A DECRETAÇÃO DE INDISPONIBILIDADE EM AÇÃO DE IMPROBIDADE ADMINISTRATIVA PODE ATINGIR QUAIS BENS?

24 de julho de 2018 - Direito Tributário

(Alisson Nichel)

Não se nega que o Brasil vive uma crise de honestidade e sofre de elevado déficit ético por parte dos gestores públicos. Diariamente são divulgadas notícias de malfeitos praticados em todas as esferas de atuação pública, desde servidores de Municípios pequenos com atribuições reduzidas até o mais elevado cargo da República (são corriqueiras as acusações contra o atual Presidente Michel Temer).

Portanto, é natural que a população se revolte e que os órgãos de controle, especialmente o Ministério Público, atuem com rigor para coibir estas ilegalidades e recuperar os valores ilicitamente desviados dos cofres públicos.

No entanto, o papel do Poder Judiciário nestes casos é de fundamental importância para delimitar a exata medida das consequências que podem ser atribuídas a tais agentes que praticaram os ilícitos. O Magistrado não pode se deixar levar pelo clamor público em detrimento do que prevê a Constituição Federal e a Leis. Ou seja, deve buscar a justa e proporcional medida entre ilícito e consequência: nem mais e nem menos do que legalmente estabelecido.

Nem sempre, porém, tem sido essa a postura do Poder Judiciário nestes casos. Um exemplo concreto é o que ocorre nas ações de improbidade administrativa que são promovidas contras os agentes públicos e particulares que participaram dos fatos e/ou deles se beneficiaram.

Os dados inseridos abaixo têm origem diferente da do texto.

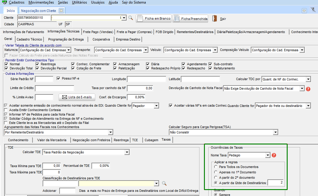 Após configurado, na tela de negociação com cliente, para o pagador do frete dos conhecimentos, selecionado na opção Ocorrências de Taxas, um registro e marcado a opção a partir de dois destinatários (como no exemplo utilizado).

Estas ações têm por finalidade afastar os malfeitores da vida pública, impedir que os particulares que cometeram as irregularidades possam novamente firmar acordos com o poder público e obter a restituição dos valores que eventualmente tenham sido desviados.

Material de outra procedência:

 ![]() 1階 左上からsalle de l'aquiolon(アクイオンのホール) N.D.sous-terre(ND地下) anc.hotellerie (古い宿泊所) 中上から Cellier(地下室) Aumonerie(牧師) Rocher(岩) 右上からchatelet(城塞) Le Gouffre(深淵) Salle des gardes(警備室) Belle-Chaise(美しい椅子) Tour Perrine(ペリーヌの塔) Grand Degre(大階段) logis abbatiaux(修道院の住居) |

E justamente para assegurar essa reparação aos cofres públicos é que a legislação que regulamenta a ação de improbidade administrativa previu a possibilidade de ainda no início do processo se determinar a indisponibilidade dos bens dos acusados. Ninguém nega a importância desta previsão e a sua legitimidade. Ocorre que a forma como esse dispositivo tem sido aplicado acaba por gerar abusos e exageros.

Isto porque passou-se a admitir que se determine a indisponibilidade dos bens ainda que os acusados tenham patrimônio proporcional ao possível desfalque e mesmo nos casos em que inexiste qualquer risco de tentativa por parte deles de esconder o patrimônio que possuem para não ressarcir o erário. Isto é, na prática o que vem ocorrendo é que a simples existência de acusação por ato de improbidade tem gerado a indisponibilidade de bens.

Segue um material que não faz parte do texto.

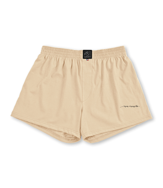 Trenky s potiskem UAX! for man with design 1234 NAMASTE in color CARAMEL
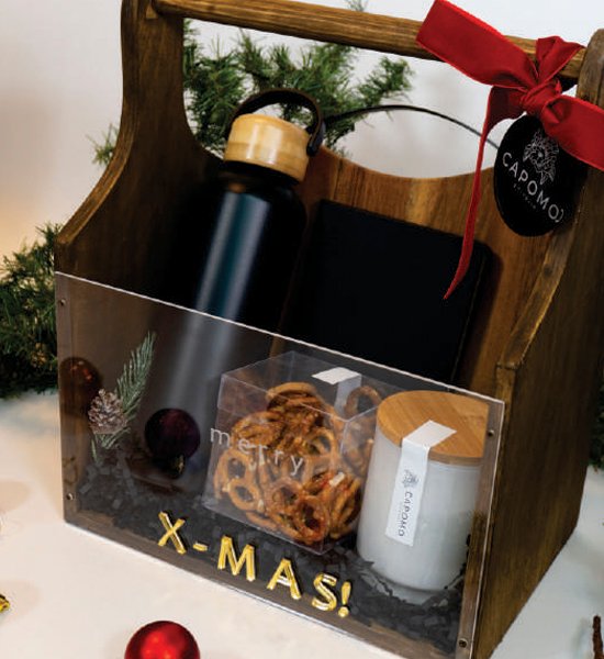• Tabla para picar de madera • Bottle water con logo o nombre • Agenda 2025 con logo o nombre • Vela aromática • Cajita con snack

Outro ponto relacionado à indisponibilidade em ação de improbidade diz respeito aos bens que podem ser atingidos por esta medida. O Superior Tribunal de Justiça possui entendimento pacífico no sentido de que a indisponibilidade pode alcançar tantos bens quantos necessários a garantir as consequências financeiras de eventual condenação, tenham tais bens sido adquiridos antes ou depois dos fatos investigados, tenham derivado do produto de eventual ilícito ou não.

O Superior Tribunal de Justiça também firmou o entendimento de que “os bens de família podem ser objeto de medida de indisponibilidade prevista na Lei de Improbidade Administrativa, uma vez que há apenas a limitação de eventual alienação do bem”. É relevante compreender bem o que o STJ quer dizer com essa decisão, pois não é incomum que muitas pessoas se equivoquem e passem a afirmar que em ação de improbidade é possível “perder” o bem de família. Não é isso.

A indisponibilidade de bens não acarreta na expropriação/perda do bem. Ele apenas impede que o bem seja alienado (salvo com anuência do Poder Judiciário) enquanto durar a medida, mas o bem continua gozando da proteção conferida por lei aos bens de família (impossibilidade de expropriação).

Assim, a impressão que fica desse entendimento do Superior Tribunal de Justiça em permitir a indisponibilidade do bem de família (apesar de também reconhecer que não pode ser expropriado) é a de utilizar a medida como verdadeiro castigo ao acusado. Isto claramente extrapola a previsão legal, na medida em que se a indisponibilidade de bens visa assegurar o pagamento de eventual condenação pecuniária e o bem de família não pode ser expropriado para esta finalidade, mantê-lo indisponível é absolutamente desproporcional.